---- DATA SECTION

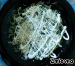 Второй слой: полбанки зеленого горошка без жидкости, сыр, майонез.
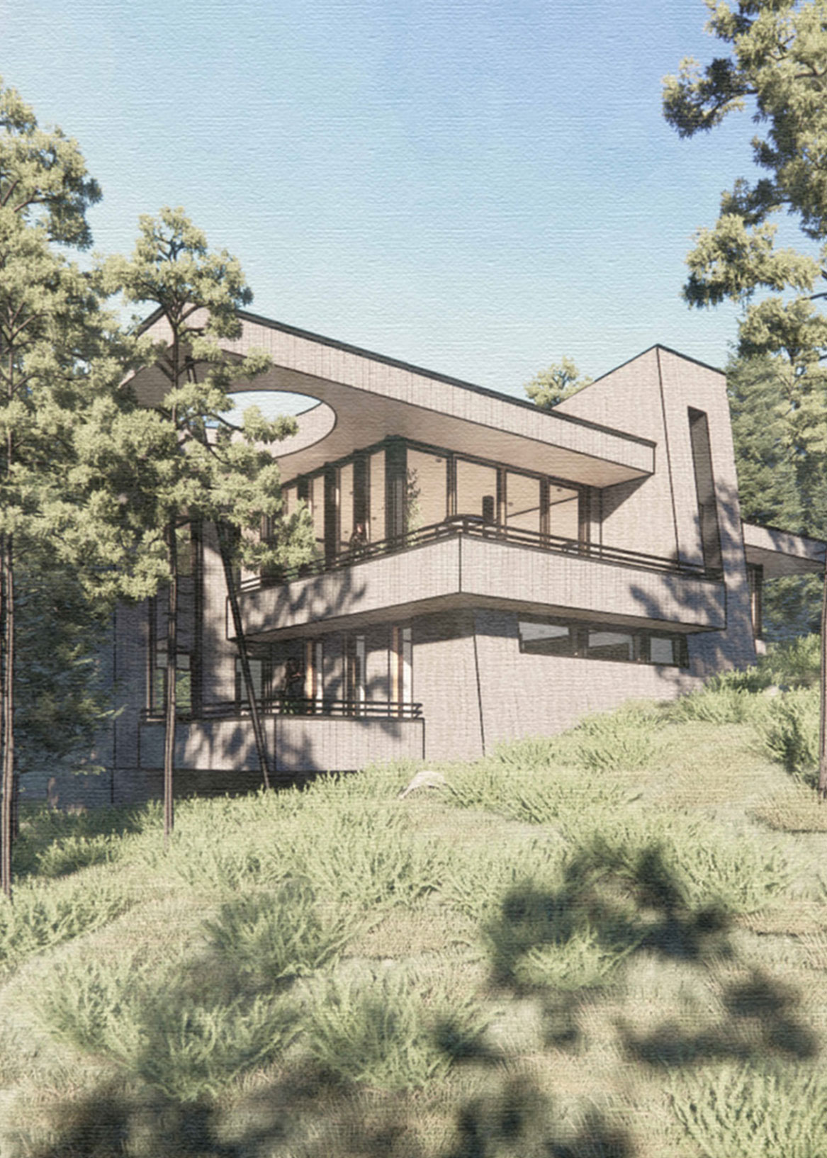 The form steps naturally with the slope, creating layered outdoor terraces and long view corridors through the trees.
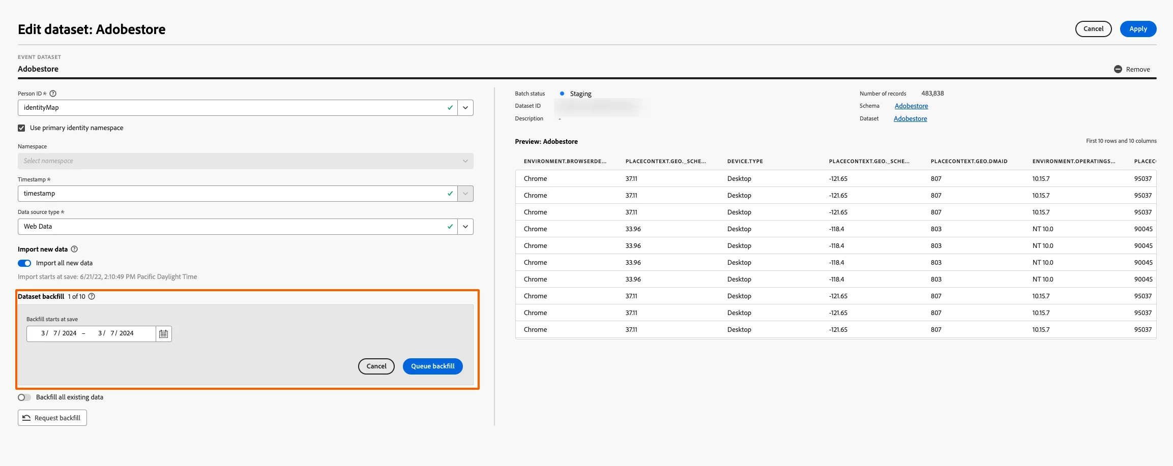 Dataset backfill: This feature allows you to backfill all existing historical data from the Experience Platform for a specific dataset in the given Connection. It's useful if you need to include data from a time before the dataset's most recent ingestion into CJA. This feature helps fill data history gaps, providing a more comprehensive view of your data trends.
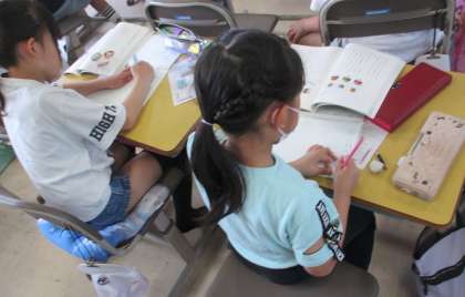 子どもたちのノートをTVに映し出して、みんなで考えを共有していました。

--------

YOUR ASSIGNMENT
Keep every word of the data as it is when you write it out, but drop the pictures.

YOUR RESPONSE
 Второй слой: полбанки зеленого горошка без жидкости, сыр, майонез.
 The form steps naturally with the slope, creating layered outdoor terraces and long view corridors through the trees.
 Dataset backfill: This feature allows you to backfill all existing historical data from the Experience Platform for a specific dataset in the given Connection. It's useful if you need to include data from a time before the dataset's most recent ingestion into CJA. This feature helps fill data history gaps, providing a more comprehensive view of your data trends.
 子どもたちのノートをTVに映し出して、みんなで考えを共有していました。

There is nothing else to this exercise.